Output only the lines from the line holding "- 【Unique Design】The" through the close of the records, exactly as they appear, with all pictures omitted.

PROVIDED RECORDS Start Marker

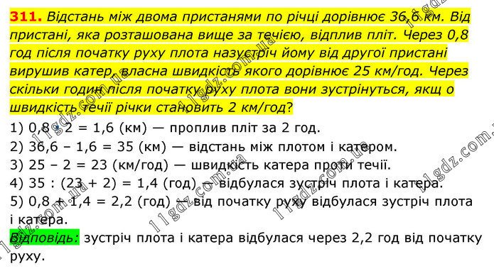 Відстань між двома пристанями по річці дорівнює 36,6 км. Від пристані, яка розташована вище за течією, відплив пліт. Через 0,8 год після початку руху плота назустріч йому від другої пристані вирушив катер, власна швидкість якого дорівнює 25 км/год. Через скільки годин після початку руху плота вони зустрінуться, якщ о швидкість течії річки становить 2 км/год? 1) 0,8 ∙ 2 = 1,6 (км) — проплив пліт за 2 год. 2) 36,6 – 1,6 = 35 (км) — відстань між плотом і катером. 3) 25 – 2 = 23 (км/год) — швидкість катера проти течії. 4) 35 : (23 + 2) = 1,4 (год) — відбулася зустріч плота і катера. 5) 0,8 + 1,4 = 2,2 (год) — від початку руху відбулася зустріч плота і катера. Відповідь: зустріч плота і катера відбулася через 2,2 год від початку руху.
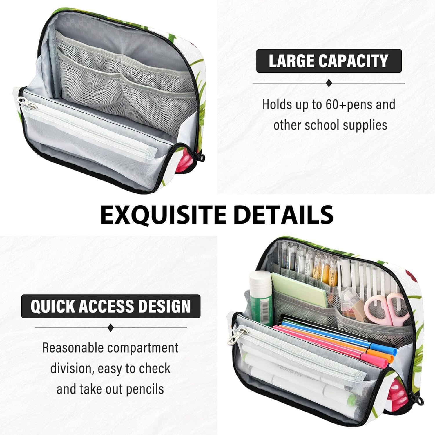 Design intelligente della struttura: la custodia con cerniera per trucco si trasforma in un supporto con chiusura magnetica quando piegata, offrendo una visione chiara e un facile accesso alle tue forniture Costruito per un uso di lunga durata: con cuciture rinforzate e tessuto in nylon resistente, astuccio con maniglie per uso quotidiano con facilità, rimanendo in ottima forma anche con un uso intenso Interni multiscomparti: con una spaziosa tasca principale, una tasca in rete con cerniera e una tasca extra, l'organizzazione degli insegnanti per l'aula mantiene penne, appunti e strumenti ordinatamente ordinati e a portata di mano Compagno di archiviazione tutto in uno: i sacchetti per matite si adattano facilmente agli zaini per la scuola o alle borse da viaggio, raddoppiando come custodia per articoli di scrittura, astuccio per cosmetici o porta gadget Ideale come regalo: sia per un giovane studente, un artista o un amico in viaggio, l'astuccio può essere personalizzato con testo o immagini per creare un ricordo memorabile
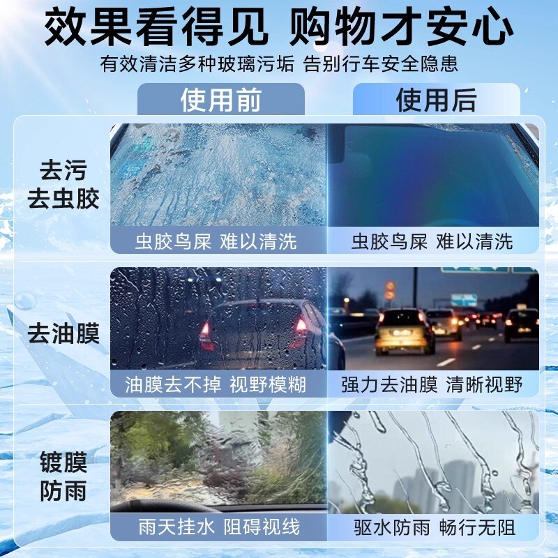 汽车玻璃水强力去污去油膜车用去除虫胶浓缩液雨刮水镀晶四季通用
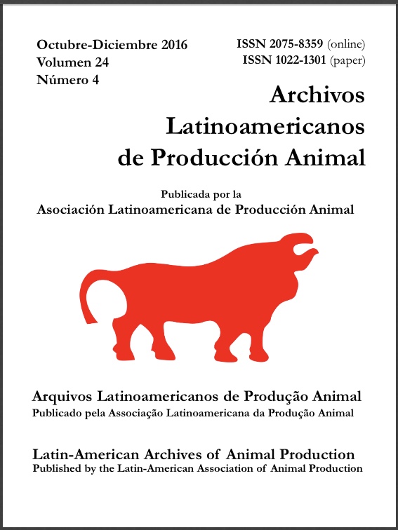 A trial was conducted with 41 alpacas (22 males and 19 females) during the years 2009 and 2010 in the rural community of Santo Doming de Cachi in the Junín region of Peru, to estimate components of phenotypic variance, phenotypic correlations and repeatability of the average fiber diameter (AFD), coefficient of variation of same (CVAFD), dirty fleece weight (DFW), fiber curvature (FC), and staple length (SL). Animals born in 2008 were sheared annually, along with measurement of each of the characters under study. Samples of fiber were taken at midside of each animal. The results show that alpacas of the study area produce fleece of adequate weight and fibers of the desired fineness, with low CVAFD and that the yearly increase in staple length meets the requirements of the textile industry. Animal age had an effect on AFD, FC and SL, but not on CVAFD nor DFW, while sex affected only DFW and SL. The genetic + permanent environmental variances (VG + VAP) of ADF and FC were greater than the temporary environmental variances (VAT), while the opposite was true for CVAFD, DFW, and SL variances. The phenotypic correlations among the five characters studied were mostly on the order of 0.28, some being negative and others positive, while the two correlations of AFD with CVAFD and CVAFD with FC were not significant. The negative correlation of AFD with FC was the one of highest magnitude. As for repeatability estimates, the highest was that of AFD (0.71 ± 0. 08), and the lowest that of SL (0.29 ± 0.15).
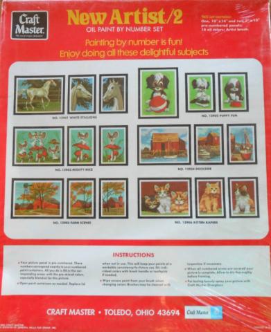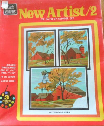 Kit series New Artist/2 12901-6 aFarmScenes12905FrenchCover Manufacturer Craft Master Manufacturer address Toledo , Ohio 43694 Date 1972 Kit Contents one 10x14 and two 7x10 panels , 18 oil colors Notes Catalog on back of kit -Copyright 1972 Craft Master, Division of General Mills Fun Group , Inc FarmScenes12905KitBack PreviousNext
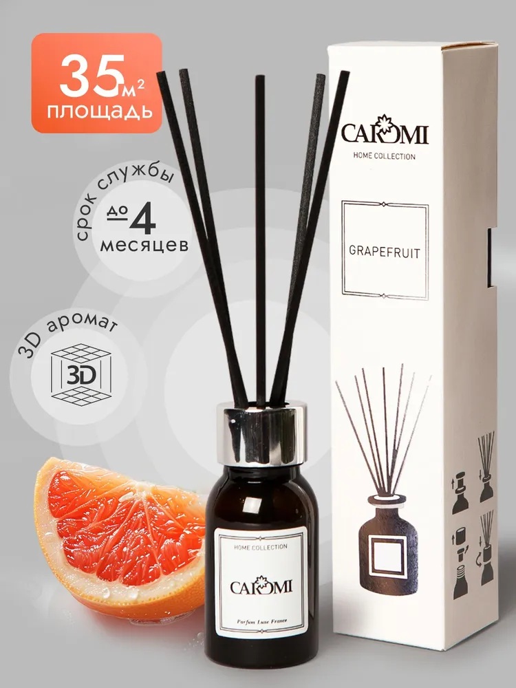 Запах парфюма для дома «Кароми Грейпфрут» держится продолжительное время. Поместите фибровые палочки во флакон с аромажидкостью, и они мгновенно начнут распространять нежный стойкий аромат. Духи для помещения не только освежат воздух, но и наполнят его неповторимыми нотами, создавая атмосферу спокойствия и уюта.
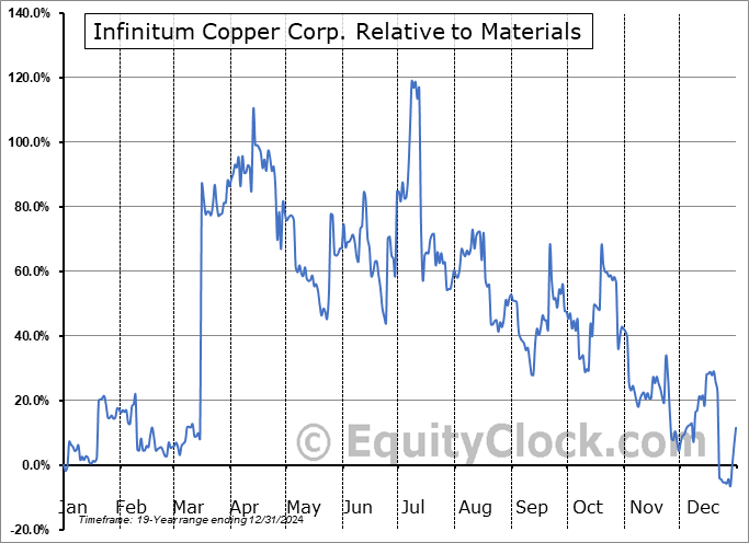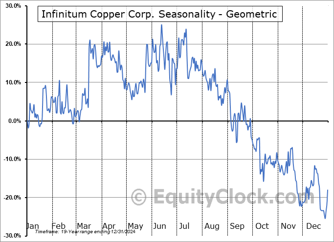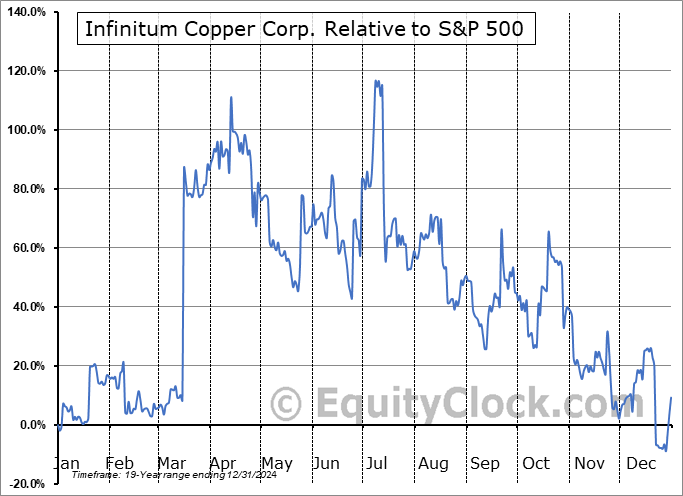 Analysis of the Infinitum Copper Corp. (TSXV:INFI.V) seasonal charts above shows that a Buy Date of December 26 and a Sell Date of March 22 has resulted in a geometric average return of 30% above the benchmark rate of the S&P 500 Total Return Index over the past 19 years. This seasonal timeframe has shown positive results compared to the benchmark in 15 of those periods. This is a good rate of success and the return strongly outperforms the relative buy-and-hold performance of the stock over the past 19 years by an average of 55.74% per year.
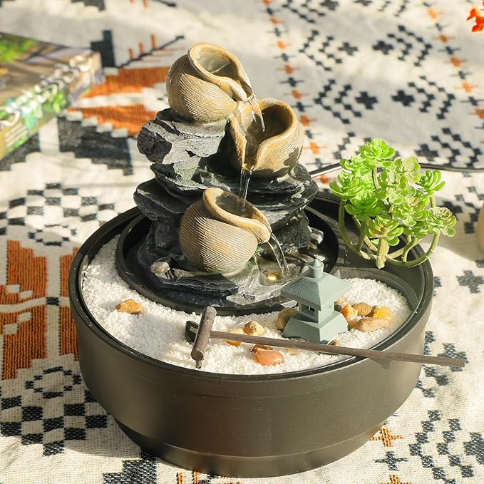 - 【Unique Design】The size measurement of this indoor fountain is 8.5x8.5x8.3 inches, featuring a design of Constructed from Durable Resin with a Zen Look and Incorporates Elements Such As Sand and Gravel. and soothing flowing water. The soothing sound of water brings relaxation.
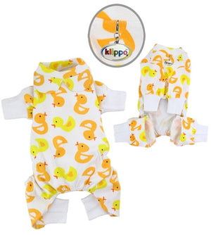 Adorable pajamas made with soft and lightweight knit cotton fabric, with yellow ducky prints all over!

PROVIDED RECORDS End Marker

== TASK SOLUTION ==
 - 【Unique Design】The size measurement of this indoor fountain is 8.5x8.5x8.3 inches, featuring a design of Constructed from Durable Resin with a Zen Look and Incorporates Elements Such As Sand and Gravel. and soothing flowing water. The soothing sound of water brings relaxation.
 Adorable pajamas made with soft and lightweight knit cotton fabric, with yellow ducky prints all over!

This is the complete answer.